* _TASK BRIEF_
Any picture in the range stays out of the copy; retype exactly the lines from the one with "オフィシャルスポンサーの宗像" to the end of the listing.

* _DATASET EXCERPT_
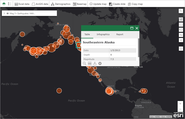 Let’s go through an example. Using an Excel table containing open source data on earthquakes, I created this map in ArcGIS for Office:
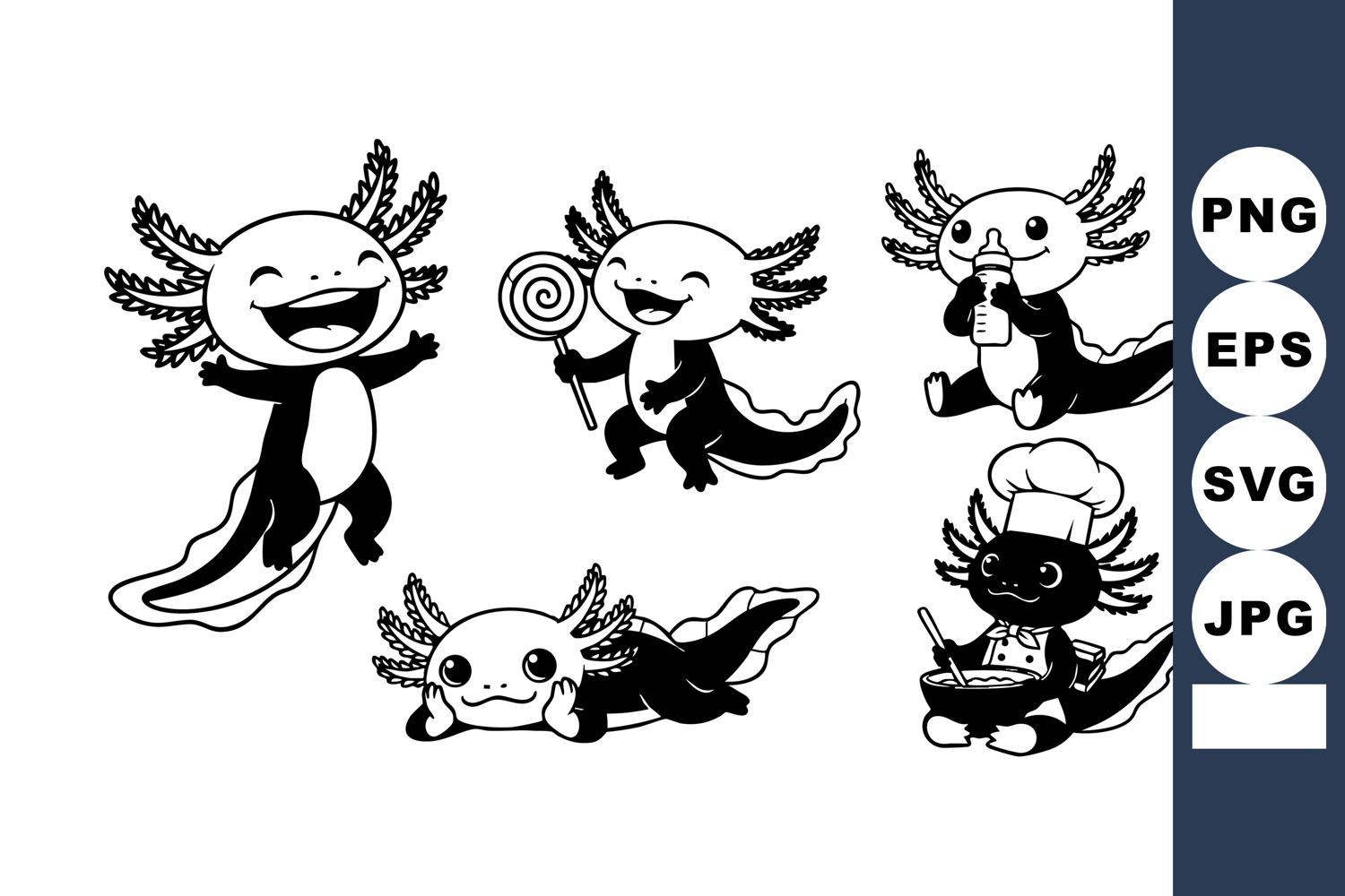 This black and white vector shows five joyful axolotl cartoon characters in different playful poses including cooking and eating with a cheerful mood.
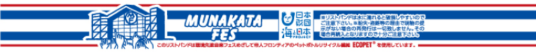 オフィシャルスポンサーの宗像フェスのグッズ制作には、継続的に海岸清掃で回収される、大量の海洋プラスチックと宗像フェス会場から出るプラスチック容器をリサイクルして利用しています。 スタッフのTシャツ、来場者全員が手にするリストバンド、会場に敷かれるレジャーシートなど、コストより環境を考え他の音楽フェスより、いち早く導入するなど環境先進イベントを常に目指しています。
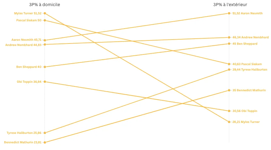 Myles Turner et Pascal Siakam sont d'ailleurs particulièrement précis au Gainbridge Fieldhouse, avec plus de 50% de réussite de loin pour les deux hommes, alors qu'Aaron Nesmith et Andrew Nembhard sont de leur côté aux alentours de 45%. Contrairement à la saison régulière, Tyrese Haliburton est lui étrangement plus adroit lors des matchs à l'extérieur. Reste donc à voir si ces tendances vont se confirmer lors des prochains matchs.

* _ANSWER FOR THE TASK_
 オフィシャルスポンサーの宗像フェスのグッズ制作には、継続的に海岸清掃で回収される、大量の海洋プラスチックと宗像フェス会場から出るプラスチック容器をリサイクルして利用しています。 スタッフのTシャツ、来場者全員が手にするリストバンド、会場に敷かれるレジャーシートなど、コストより環境を考え他の音楽フェスより、いち早く導入するなど環境先進イベントを常に目指しています。
 Myles Turner et Pascal Siakam sont d'ailleurs particulièrement précis au Gainbridge Fieldhouse, avec plus de 50% de réussite de loin pour les deux hommes, alors qu'Aaron Nesmith et Andrew Nembhard sont de leur côté aux alentours de 45%. Contrairement à la saison régulière, Tyrese Haliburton est lui étrangement plus adroit lors des matchs à l'extérieur. Reste donc à voir si ces tendances vont se confirmer lors des prochains matchs.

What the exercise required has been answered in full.